--- DATASET CONTENT Enclosed Below ---

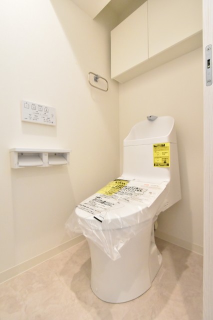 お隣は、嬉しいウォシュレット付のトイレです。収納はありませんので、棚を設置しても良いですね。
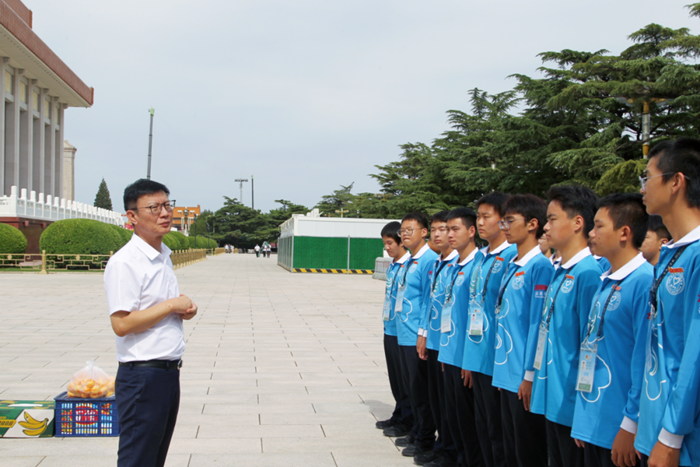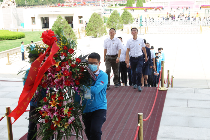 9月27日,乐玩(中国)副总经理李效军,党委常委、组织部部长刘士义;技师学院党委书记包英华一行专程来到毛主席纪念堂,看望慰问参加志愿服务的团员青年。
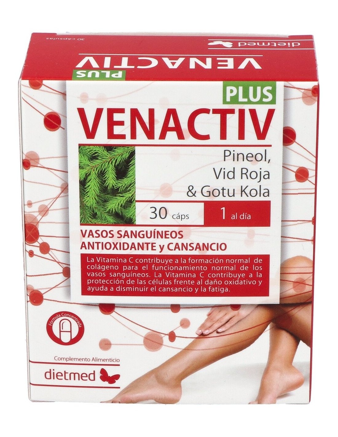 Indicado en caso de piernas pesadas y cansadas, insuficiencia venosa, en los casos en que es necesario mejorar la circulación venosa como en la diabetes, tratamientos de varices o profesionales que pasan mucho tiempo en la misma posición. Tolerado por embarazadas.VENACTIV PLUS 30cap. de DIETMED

--- End of Enclosed DATASET CONTENT ---

__TASK DIRECTIONS__:
From the first line to the last, write out the data exactly, dropping any pictures.

__COMPLETED TASK__:
 お隣は、嬉しいウォシュレット付のトイレです。収納はありませんので、棚を設置しても良いですね。
 9月27日,乐玩(中国)副总经理李效军,党委常委、组织部部长刘士义;技师学院党委书记包英华一行专程来到毛主席纪念堂,看望慰问参加志愿服务的团员青年。
 Indicado en caso de piernas pesadas y cansadas, insuficiencia venosa, en los casos en que es necesario mejorar la circulación venosa como en la diabetes, tratamientos de varices o profesionales que pasan mucho tiempo en la misma posición. Tolerado por embarazadas.VENACTIV PLUS 30cap. de DIETMED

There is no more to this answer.